Question

Find the activity in curie of 1 mg of radon-222 whose half life is 3.825 days.

Answer 1

Activity of the radioactivity material is defined as number of disintegrations per second, or the number of unstable atomic nuclei that decay per second in a given sample.So simply by finding decay constant, we can find activity of material.

Complete step by step answer:
Half life: it is the interval of time required for decaying of one-half of the atomic nuclei of a radioactive sample.
Activity: Activity of the radioactivity material is defined as number of disintegrations per second, or the number of unstable atomic nuclei that decay per second in a given sample
Given: ${T^{\dfrac{1}{2}}} = 3.825$ days
Quantity of substance=1mg= ${10^{ - 3}}$g
Where ${T^{\dfrac{1}{2}}}$ is the half life
Now as we know,
The relation between half life and decay constant is
${T^{\dfrac{1}{2}}} = \dfrac{{\ln 2}}{\lambda }$..........(where $\lambda$ is decay constant)

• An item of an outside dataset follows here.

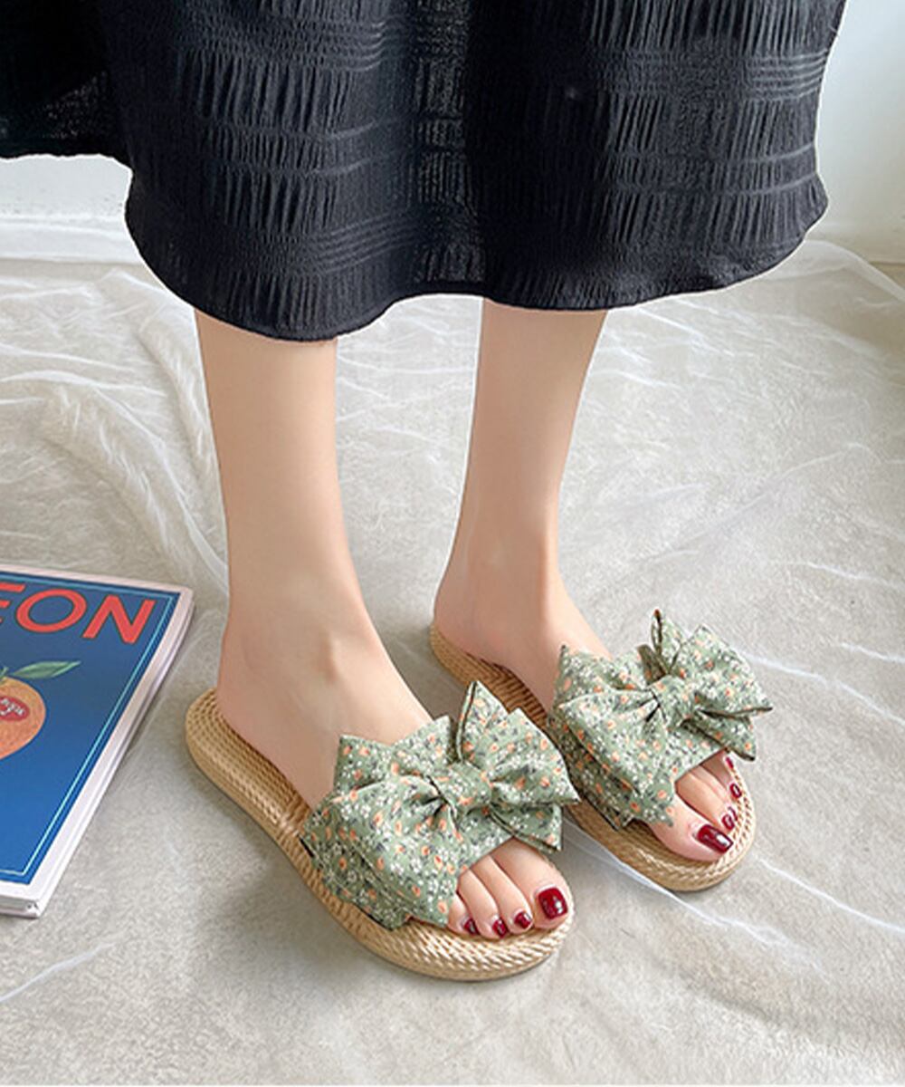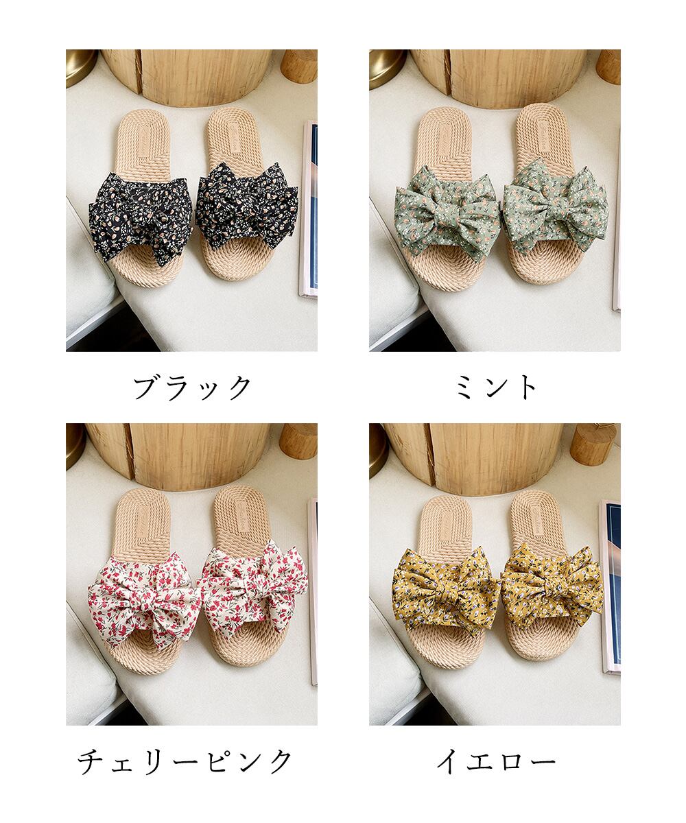 ナチュラルな風合いのソールに、小花柄の大きめリボンが目を引くフラットサンダル。
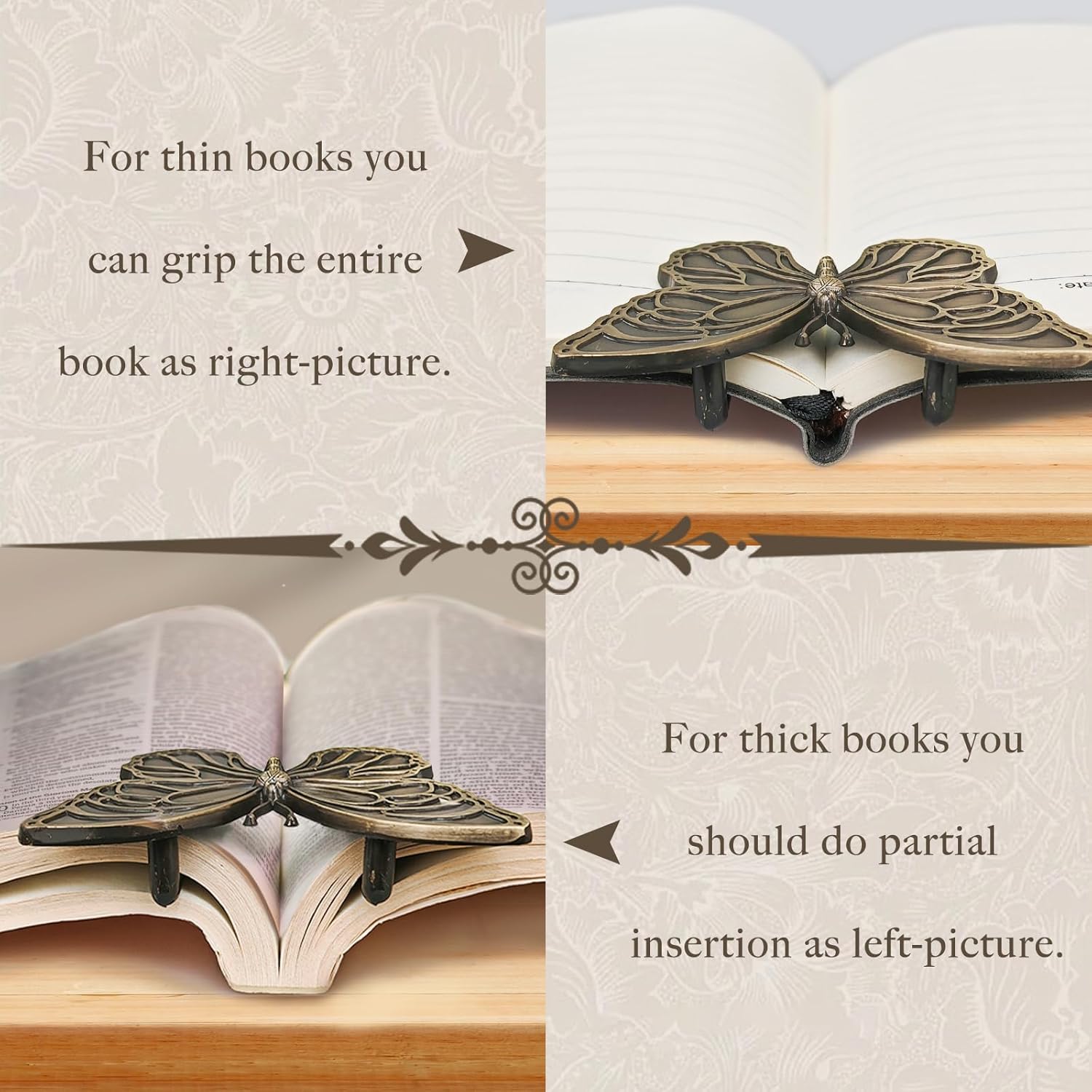 【Premium Brass Construction】The book opener holder crafted from high-grade brass, this butterfly book accessory combines a distinct vintage aesthetic with outstanding durability and corrosion resistance. The brass not only elevates its overall feel but also ensures long-lasting use, making it a perfect choice for avid readers and collectors alike.

Putting the values of ${T^{\dfrac{1}{2}}}$ in seconds, we get
$3.825 \times 24 \times 60 \times 60 = \dfrac{{0.693}}{\lambda }$
As $\ln 2 = 0.693$
So finding the value of $\lambda$ (decay constant) from this equation we get
$\lambda = 2.096 \times {10^{ - 6}}$ ${s^{ - 1}}$
Now converting quantity of substance into number of atoms
$\text{Number of atoms (N)}= \dfrac{{{{10}^{ - 3}}}}{{222}} \times 6.022 \times {10^{23}} \\\ \Rightarrow\text{Number of atoms (N)}= 2.71 \times {10^{18}}$
$N$ is the number of atoms present.

Remember radon has molecular mass 222 as already given.Now as we know activity of substance is given by
$A= - \dfrac{{dN}}{{dt}} \\\ \Rightarrow A = \lambda N$
Where $A$ is a symbol representing activity.
So on putting values of $\lambda$ and $N$
We get
$A = 2.096 \times {10^{ - 6}} \times 2.71 \times {10^{18}} \\\ \Rightarrow A = 5.68 \times {10^{12}}Bq$
As we were required to give answer in curie(Ci) so
Remember 1curie $= 3.7 \times {10^{10}}Bq$
$A = \dfrac{{5.68 \times {{10}^{12}}}}{{3.7 \times {{10}^{10}}}} \\\ \therefore A= 153.5\,Ci$

Hence, activity is $153.5\,Ci$.

Note: Half-life is the time for half the radioactive nuclei in any sample to undergo radioactive decay. For example, after 2 half-lives, there will be one fourth the original material remains, after three half-lives one eight the original material remains, and so on. Half-life is a convenient way to assess the rapidity of a decay. While solving such problems we have to keep in mind that while using the formula $N={{N}_{0}}{{e}^{-\lambda t}}$, we have to take undecayed nuclei at that time.